Top Taliban military commander 'arrested'

ISLAMABAD: The Taliban’s top military commander has been arrested in a joint

CIA-Pakistani operation in Pakistan

in a major victory against the

insurgents as US troops push into their heartland in southern Afghanistan, officials said today.

Mullah Abdul Ghani Baradar, the group’s No 2 leader behind Afghan Taliban founder Mullah Mohammad Omar and a close associate of Osama bin Laden, was captured in the southern Pakistani port city of Karachi, two Pakistani intelligence officers and a senior US official said. They spoke on condition of anonymity because they were not authorised to release such sensitive information.

One Pakistani officer said Baradar was arrested 10 days ago with the assistance of the United States and “was talking” to his interrogators. Baradar is the most senior Afghan Taliban leader arrested since the beginning of the Afghan war in 2001 following the Sept 11 terror attacks in the United States.

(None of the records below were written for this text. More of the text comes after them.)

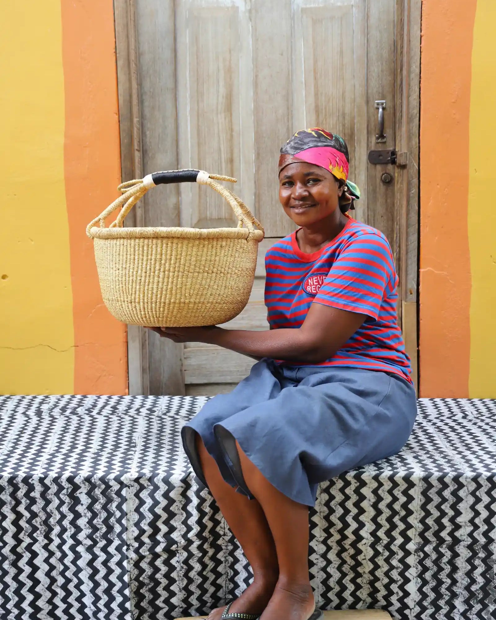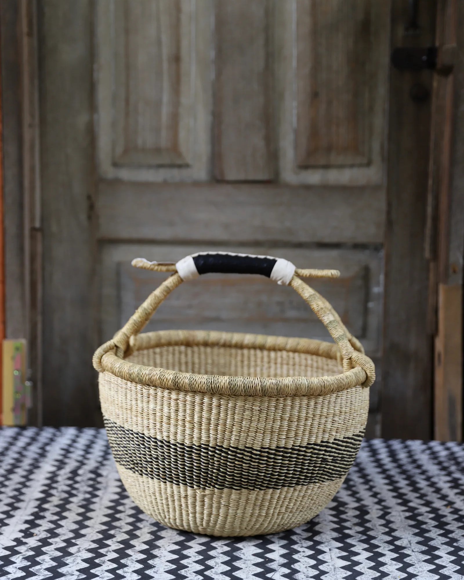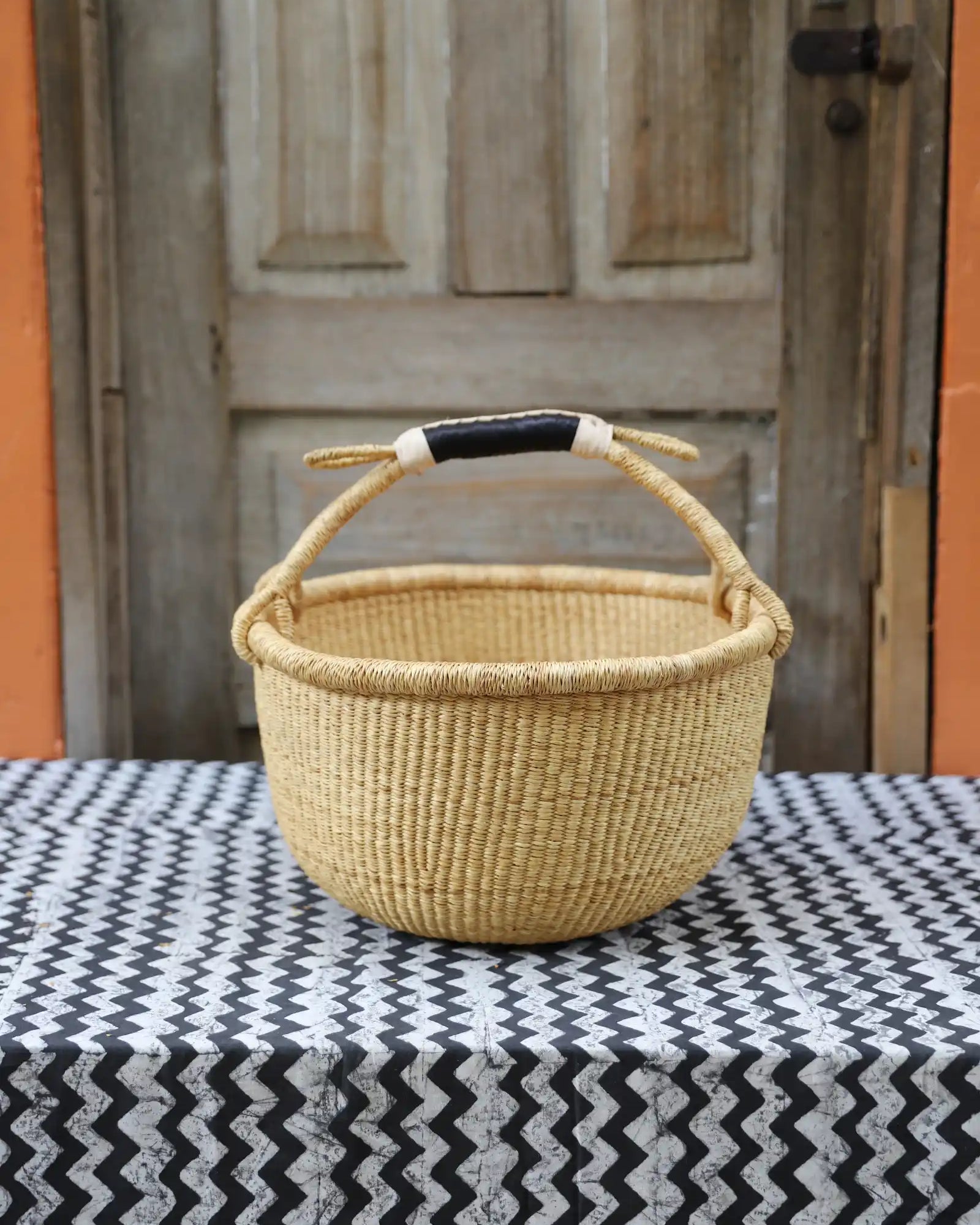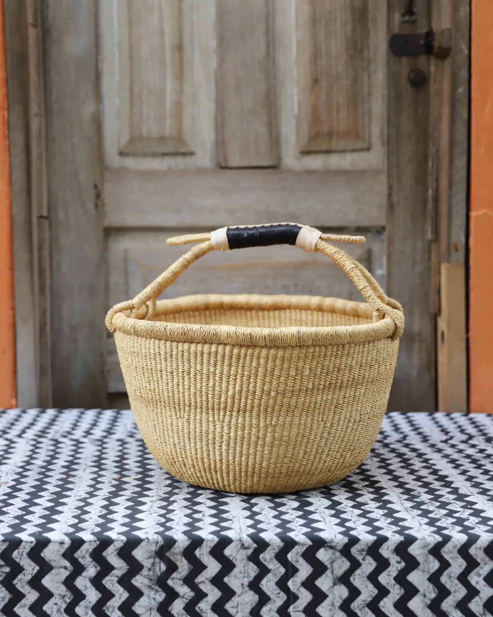 A Bolgatanga classic—this is the basket that started it all, and no one does it better than The Baba Tree. Perfect as your go-to carry all for market trips, beach days, or as a catch-all storage solution at home or in the car. Durable, timeless, and endlessly useful.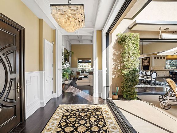 Step into the open-concept living area, where floor-to-ceiling glass windows invite natural light and showcase the picturesque harbor. The kitchen is a chef's dream, adorned with beautiful white cabinetry that perfectly complements the space. The living room features 15-foot ceilings and elegant built-ins flanking the fireplace, adding a touch of sophistication.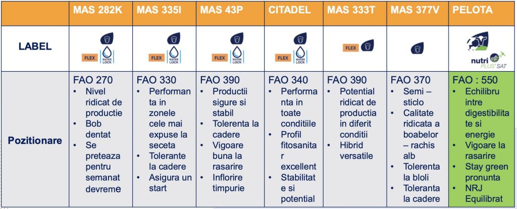 În ceea ce privește porumbul, Mas Seeds propune hibrizi din grupe FAO variate, de la FAO 270 până la FAO 390, dar și un hibrid destinat producției de siloz.
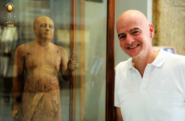 القاهرة “المسلة السياحية” ….. استقبل المتحف المصري بالتحرير چيانى إنفانتينو، (Gianni Infantino) رئيس الاتحاد الدولى لكرة القدم (الفيفا)، في زيارة له للمتحف على هامش تواجده في مصر لحضور نهائي كأس الأمم الإفريقية يوم الجمعة القادم.

Baradar heads the Taliban’s military council and was elevated in the body after the 2006 death of military chief Mullah Akhtar Mohammed Usmani. He is known to coordinate the movement’s military operations throughout the south and southwest of Afghanistan. His area of direct responsibility stretches over Kandahar, Helmand, Nimroz, Zabul and Uruzgan provinces. According to Interpol, Baradar was the deputy defence minister in the Taliban regime that ruled Afghanistan until it was ousted in the 2001 U.S.-led invasion.

A Taliban spokesman in Afghanistan told The Associated Press that Baradar was still free, though he did not provide any evidence.